While those long-term decisions related to electricity generation and the shift to renewable energy sources are a huge part of the solution, in the near-term there’s a lot more that utilities can do on the demand side to reduce carbon emissions. I’d like to see more examples from utilities in 2020 of the ways they are deploying energy efficiency and demand response to achieve carbon emissions reductions today.
What do you see as the primary barrier for utilities and their collaboration with cities on the development of high-performing buildings?
A lot of it is lack of information and understanding. Cities aren’t necessarily aware of relevant utility regulatory issues that may impact or relate to their building energy and carbon goals, and utilities generally are not planning or designing programs that take into account local building policies.

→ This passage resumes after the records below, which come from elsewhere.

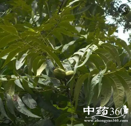 【原形态】落叶乔木,高20-25m。树皮灰白色,幼时平滑,老时浅纵裂。小枝被短腺毛,具明显的叶痛和皮孔;冬芽被芽鳞;髓部白色,薄片状。奇数羽状复叶,互生,长40-50cm,小叶5-9枚,有时13枚,先端1片常较大,椭圆状卵形至长椭圆形,长6-15cm,宽3-6cm,先端钝圆或锐尖,基部偏斜,近于圆形,全缘,表面深绿色,有光泽,背面淡绿色,有侧脉11-9对,脉腋内有一簇短柔毛。花单性,雌雄同株,与叶同时开放,雄葇荑花序腋生,下垂,长5-10cm,花小而密集,雄花有苞片1,长圆形,小苞片2,长卵形,花被片1-4,均被腺毛,雄蕊6-30;雌花序穗状,直立,生于幼枝顶端,通常有雌花1-3朵,总苞片3枚,长卵形,贴生于子房,花后随子房增大;花被4裂,裂片线形,高出总苞片;子房下位,2枚心皮组成,花柱短,柱头2裂,呈羽毛状,鲜红色。果实近球形,核果状,直径4-6cm,外果皮绿色,由总苞片及花被发育而成,表面有斑点,中果皮肉质,不规则开裂,内果皮骨质,表面凹凸不平,有2条纵棱,先端具短尖头,内果皮壁内具空隙而有皱折,隔膜较薄,内里无空隙。花期5-6月,果期9-10月。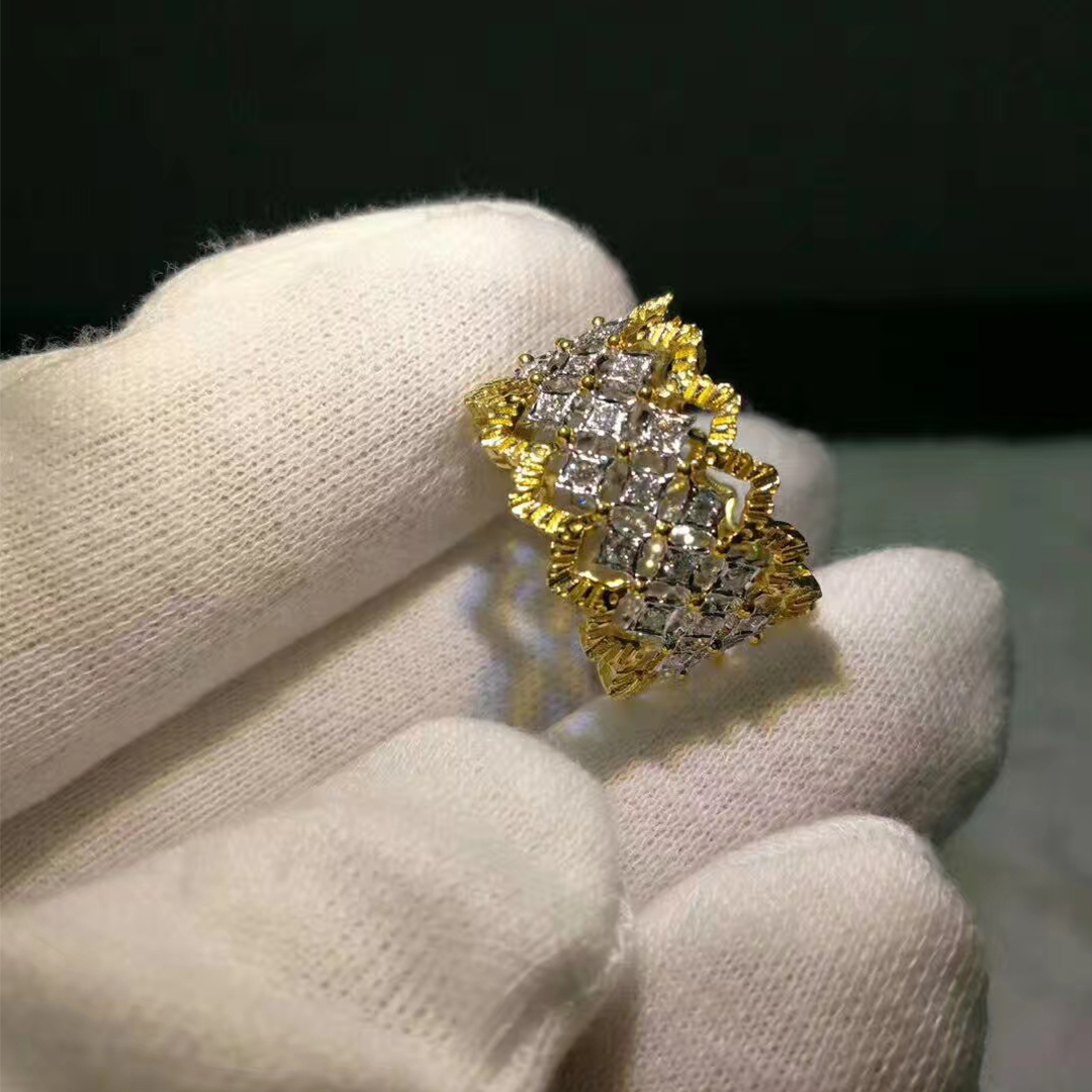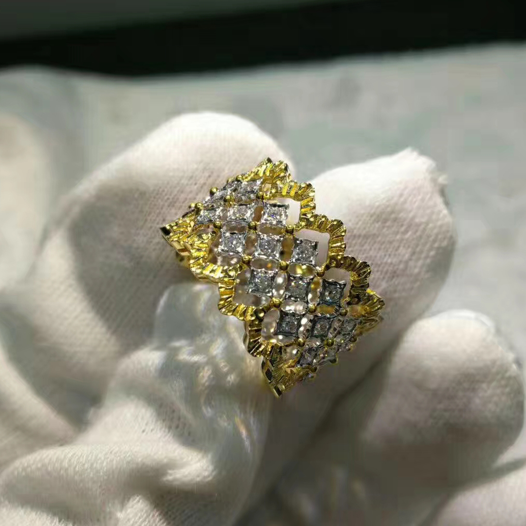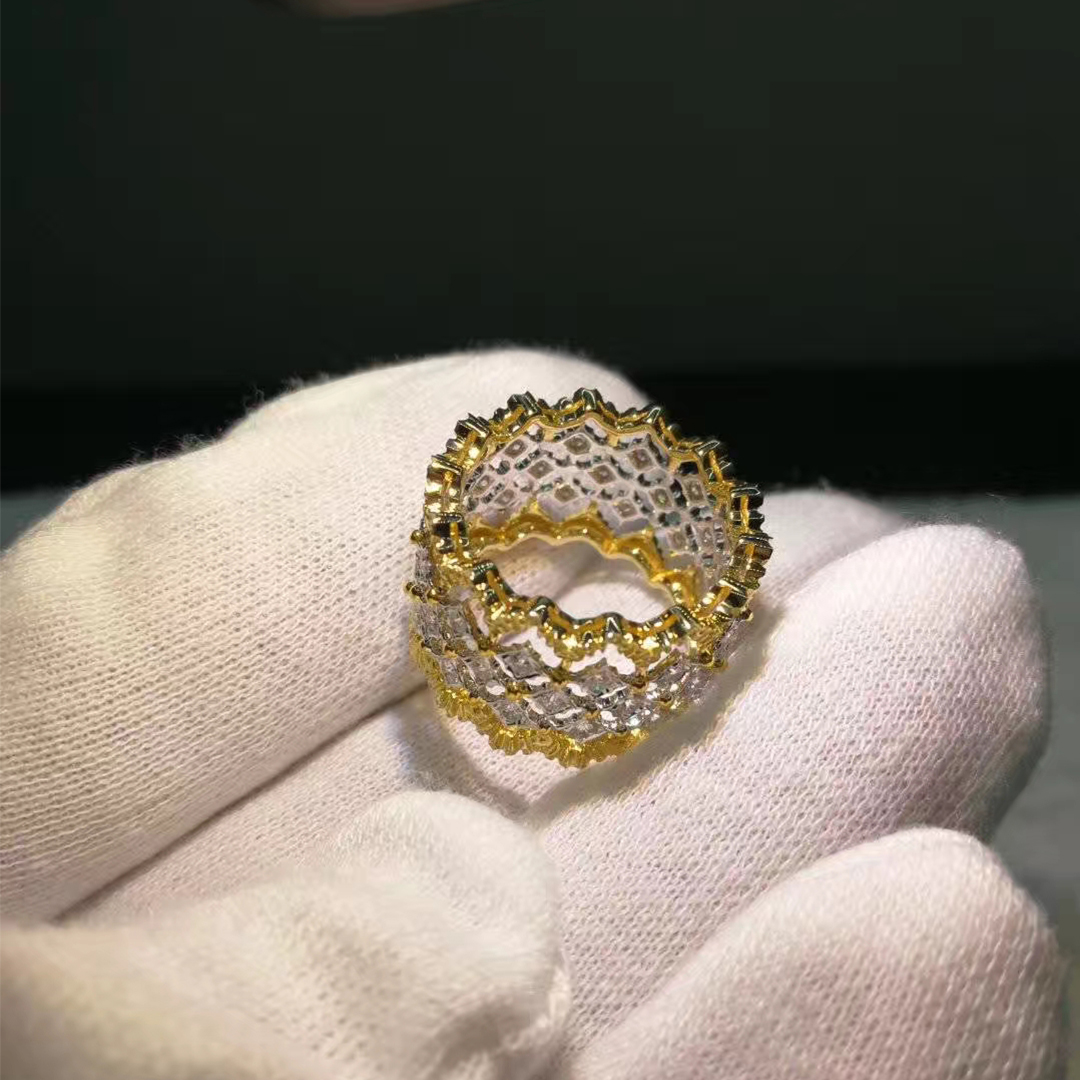 Buy Real solid 18k gold and genuine diamonds Buccellati jewelry from KissTheLuxury.com. Top workmanship and factory direct selling. If you love this Custom Made Buccellati 18K Yellow Gold & White Gold Rombi Diamond Wide Band Ring, Please inquire us via E-mail [email protected] or Whatsapp +1 (262)806-8175 for pricing.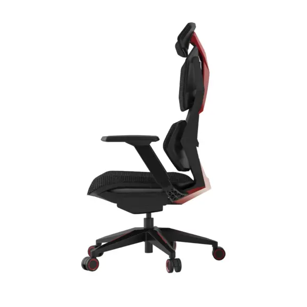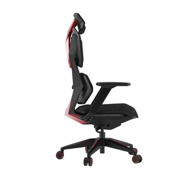 كرسي ألعاب (Gaming Chair) بتصميم عصري وجريء، يجمع بين اللونين الأسود والأحمر، مما يمنحه مظهرًا رياضيًا ومميزًا. يبدو الكرسي مصممًا لتوفير الراحة والدعم اللازمين للجسم خلال فترات الجلوس الطويلة، وهو أمر ضروري للاعبين أو أي شخص يقضي ساعات طويلة أمام المكتب.

There is a huge potential for high-performing buildings to provide value to utilities as flexible resources on the grid – helping to reduce energy use during peak times or shift demand to align with renewable generation – but current utility planning tools and processes, grid technologies, and rates design aren’t yet capable of capturing that value. There are also some inherent disincentives in the current utility business model to supporting high-performance buildings, as they are likely to consume less of the utility’s core product, but that can be addressed by aligning regulation and rate-making with energy efficiency. Bringing cities to the table as stakeholders in those conversations about how buildings fit into the evolving utility regulatory landscape will be critical to addressing the barriers and identifying solutions.
How do you see yourself or IMT making city and utility relationships more collaborative?

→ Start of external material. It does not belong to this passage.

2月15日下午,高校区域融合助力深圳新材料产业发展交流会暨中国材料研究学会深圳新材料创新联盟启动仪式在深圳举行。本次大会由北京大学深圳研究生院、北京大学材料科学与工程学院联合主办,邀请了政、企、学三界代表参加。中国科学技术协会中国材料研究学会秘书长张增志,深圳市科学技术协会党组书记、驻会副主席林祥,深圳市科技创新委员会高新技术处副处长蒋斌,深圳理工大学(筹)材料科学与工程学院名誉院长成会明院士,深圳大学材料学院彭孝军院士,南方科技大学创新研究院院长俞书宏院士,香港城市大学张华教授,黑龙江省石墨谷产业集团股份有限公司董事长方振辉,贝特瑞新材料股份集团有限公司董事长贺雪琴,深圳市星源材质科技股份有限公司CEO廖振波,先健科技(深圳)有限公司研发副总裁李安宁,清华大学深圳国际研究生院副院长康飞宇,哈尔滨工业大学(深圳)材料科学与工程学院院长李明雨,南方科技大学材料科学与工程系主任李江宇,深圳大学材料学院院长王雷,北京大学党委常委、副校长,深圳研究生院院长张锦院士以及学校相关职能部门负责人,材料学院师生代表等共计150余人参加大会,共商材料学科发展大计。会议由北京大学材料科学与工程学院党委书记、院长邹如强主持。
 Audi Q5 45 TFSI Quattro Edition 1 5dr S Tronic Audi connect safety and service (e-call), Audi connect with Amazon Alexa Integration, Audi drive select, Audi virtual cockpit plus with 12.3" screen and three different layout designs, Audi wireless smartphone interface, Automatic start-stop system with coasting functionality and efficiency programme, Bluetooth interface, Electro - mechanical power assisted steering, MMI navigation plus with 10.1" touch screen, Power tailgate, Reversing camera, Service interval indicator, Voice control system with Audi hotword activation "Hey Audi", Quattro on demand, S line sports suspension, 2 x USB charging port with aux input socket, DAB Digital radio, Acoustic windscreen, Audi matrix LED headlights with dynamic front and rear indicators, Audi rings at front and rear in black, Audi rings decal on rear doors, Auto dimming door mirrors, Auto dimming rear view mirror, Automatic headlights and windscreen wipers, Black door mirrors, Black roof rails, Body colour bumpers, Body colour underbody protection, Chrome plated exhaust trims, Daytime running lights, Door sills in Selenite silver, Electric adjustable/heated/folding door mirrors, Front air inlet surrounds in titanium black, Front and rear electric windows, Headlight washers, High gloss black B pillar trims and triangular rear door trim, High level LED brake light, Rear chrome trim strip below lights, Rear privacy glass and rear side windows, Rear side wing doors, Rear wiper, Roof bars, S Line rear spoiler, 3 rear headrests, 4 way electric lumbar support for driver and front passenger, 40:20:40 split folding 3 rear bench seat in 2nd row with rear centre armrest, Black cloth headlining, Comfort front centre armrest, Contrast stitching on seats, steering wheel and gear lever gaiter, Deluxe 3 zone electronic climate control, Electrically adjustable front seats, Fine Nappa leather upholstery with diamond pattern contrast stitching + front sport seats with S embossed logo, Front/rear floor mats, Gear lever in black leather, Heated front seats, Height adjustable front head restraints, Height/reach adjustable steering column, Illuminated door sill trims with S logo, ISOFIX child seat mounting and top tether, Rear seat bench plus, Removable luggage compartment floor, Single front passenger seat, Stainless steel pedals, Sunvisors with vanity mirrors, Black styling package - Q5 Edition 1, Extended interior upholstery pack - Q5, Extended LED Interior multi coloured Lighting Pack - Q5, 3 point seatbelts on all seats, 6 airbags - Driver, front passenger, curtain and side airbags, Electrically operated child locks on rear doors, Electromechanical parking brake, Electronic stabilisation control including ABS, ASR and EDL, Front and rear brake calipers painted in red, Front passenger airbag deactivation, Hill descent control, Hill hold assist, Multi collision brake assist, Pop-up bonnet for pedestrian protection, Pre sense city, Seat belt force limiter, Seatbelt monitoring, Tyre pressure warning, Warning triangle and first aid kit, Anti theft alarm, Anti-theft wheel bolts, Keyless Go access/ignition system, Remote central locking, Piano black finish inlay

Having worked for both a city and a regulated utility, I know from personal experience that those relationships can be contentious, but are also critical partnerships for achieving comprehensive clean energy goals. I think IMT is uniquely positioned to bridge those relationships, operating as a translator between utilities and cities to understand one another’s roles and requirements and modeling ways in which these dynamic partnerships can be mutually beneficial. Climate leadership from cities and businesses has been a major driver for influencing utility carbon commitments, and those utility commitments are in turn helping local governments to meet their clean energy and climate goals. Ongoing collaboration between cities and utilities can help ensure that plans are put in place to achieve those goals efficiently and cost-effectively. IMT has collected examples of city-utility partnerships for accelerating climate action, which is a model I hope to continue to encourage and replicate through IMT’s work.

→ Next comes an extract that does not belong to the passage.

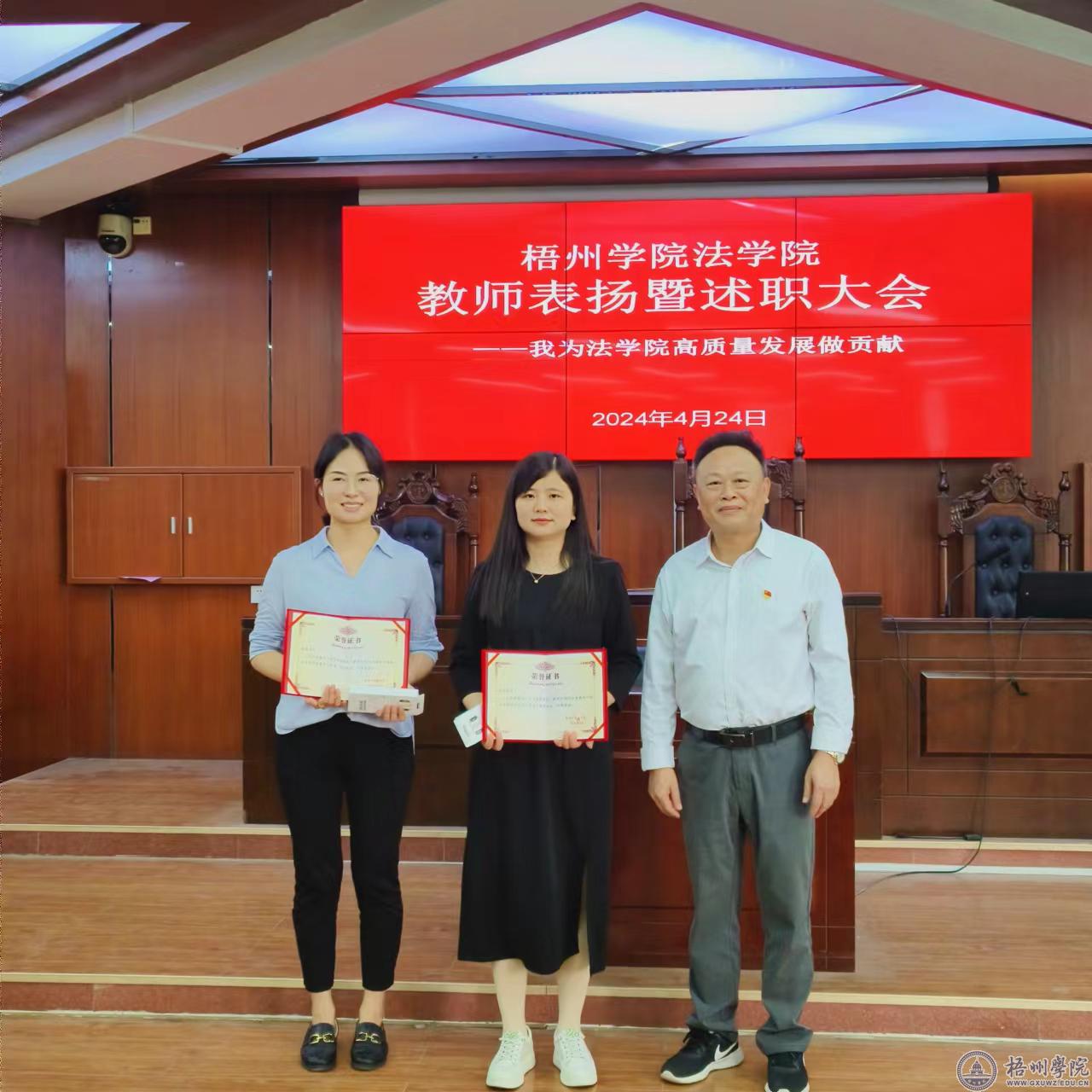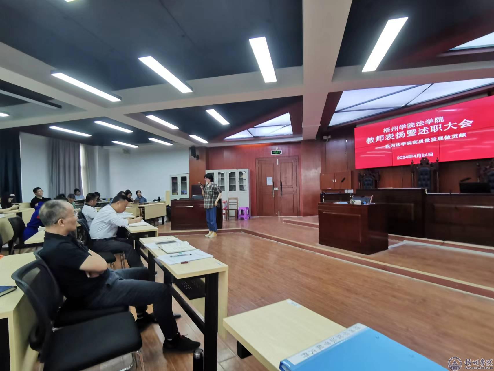 4月24日下午,法学院召开教师表扬暨述职大会,会议主题为“我为法学院高质量发展作贡献”,通过表彰优秀教师、促进教师间的交流学习,推动法学院的高质量发展。法学院班子成员、全体教职工出席会议,各学生班级学习委员参加会议。

What is one project or issue that you’re excited about tackling in 2020? Are there any resources you’re interested in creating that you would like people to keep an eye out for?
IMT has been a thought leader on issues of energy data access, specifically related to building benchmarking policies, so I’m excited to think about the next generation of data access for cities. As utilities have access to more data through investments in grid modernization and advanced meters, what possibilities does that open up? What can be done with that data to target deployment of energy efficiency and more precisely measure the carbon reduction impacts? How will that impact utility rate design? What data might cities provide to influence utility resource and distribution planning processes?
I’m also interested in continuing to share examples of city and company coalitions that are leveraging their collective goals to influence utility and regulatory decisions, showcasing what effective collaboration strategies look like.
I look forward to building on IMT’s expertise around utility regulation (and continuing to learn a whole lot myself!) and leveraging our resources to drive more action on climate change.